Il y a
exactement un an, au cours d'une interview au sujet de l'affaire Maciel et de
l'avenir de la Légion, le père Williams a dit la chose suivante : "Si
tout cela avait éclaté il y a 30 ou 40 ans, la Légion aurait été détruite
immédiatement"... 'Mon explication personnelle, c'est que Dieu a peut-être fait
en sorte que tout ceci sorte suffisamment tard..."
Un moment de stupeur, d'épouvante... Le père Thomas Williams, l'icône de la
Légion, bardé de diplômes, passant sa vie à enseigner la morale... n'était pas
capable de formuler un jugement éthique de base sur une question à laquelle un
enfant de cinq ans aurait su répondre. Oui, vous avez bien entendu: le père
Williams défendait l'idée selon laquelle Dieu aurait permis que des crimes
épouvantables soient commis et la justice non rendue... pour permettre à la
Sainte Légion du Christ de ne pas être détruite au passage. "Désolé les gars:
vous avez été violé, agressé, il vous a brisé votre enfance, votre
adolescence... et peut-être votre vie entière; on vous a ensuite accusé d'être
des traitres et des Judas; on a répandu des calomnies infâmes sur vous... mais
MYSTERIEUSEMENT, c'était la volonté de Dieu!"
Je dois avouer que cette affirmation m'a profondément blessée: quand tout
d'un coup, vous réalisez que ces gars qui passent leur temps à regarder le
monde de haut, à faire des grands discours moralisateurs... apparaissent dans
leur vérité, incapables de distinguer le bien du mal quand c'est à eux
d'élaborer un simple jugement moral. Cela m'a beaucoup troublé, et les
révélations que nous avons eu ces derniers jours n'ont fait que corroborer mon
intuition. D'un personnage au jugement clivé, nous avons découvert que le
personnage entier était clivé. Et ceci explique sans doute cela.
Je
publie ci-dessous un court extrait de ce qui est, sans doute, l'ouvrage le plus
brillant que j'ai lu jusqu'ici sur les phénomènes psychologiques en jeu dans ce
genre de communauté. Je vais même aller un peu plus loin: je crois que sans ces
clés d'interprétation, il est absolument impossible de comprendre quoi que ce
soit au problème. Aussi, je ne saurais que trop vous conseiller de lire ce
livre. C'est un véritable trésor!
Le clivage
Le clivage de l'objet est un mécanisme qui permet au sujet de scinder en
deux parties l'objet avec lequel il est en relation, l'une bonne, l'autre
mauvaise. Ce mécanisme inconscient évite le constat douloureux que le même
objet est à la fois bon et mauvais ; il peut ainsi être et rester
idéalisé. Au lieu d'accepter la réalité nuancée et ambivalente, le sujet coupe
l'objet en une partie bonne avec laquelle il reste en lien et qui continue de
porter l'idéalisation, et en une partie mauvaise dont il dénie
l'existence.
Le milieu religieux offre des possibilités au déploiement de ce mécanisme de
clivage. Le monde, tel que se le représentent certains croyants, est scindé en
deux entre les fidèles et les infidèles, les alliés de la foi et ses ennemis,
les traditionalistes et les progressistes, les bien-pensants et les autres, les
croyants évolués et les bigots. Ces clivages sont souvent des symptômes du
repli identitaire. Il s'enracine dans un fond archaïque de type manichéen.
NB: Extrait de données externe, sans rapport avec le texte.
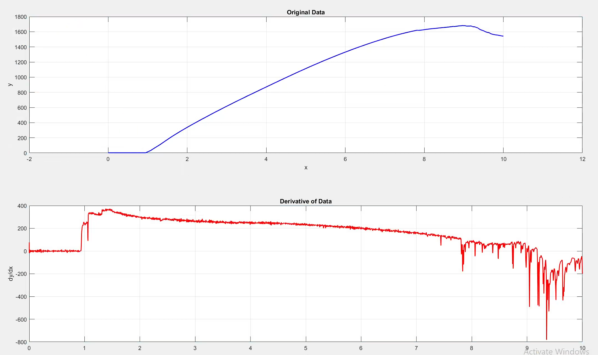 dy_dx = gradient(y, x); % 使用 gradient 函数计算导数

D'une manière plus générale, chaque réalité est classée en «bien» ou «mal». Ce
qui est «bien» appelle immédiatement une comparaison de ce qui est mal en
contre-point. Les critères de jugement empruntent plus aux valeurs personnelles
et aux loyautés envers la famille et le milieu qu'aux valeurs strictement
religieuses. La manière de s'habiller, de décorer la maison, de recevoir les
amis, de s'exprimer, rien n'échappe au jugement et à la classification binaire.
Face à toute réalité extérieure, la personne est en position haute. Elle
rejette tout ce qu'elle ne connaît pas et évite toute remise en question. Elle
s'identifie elle-même à ce qu'elle a étiqueté comme «bien». Ce dispositif la
protège.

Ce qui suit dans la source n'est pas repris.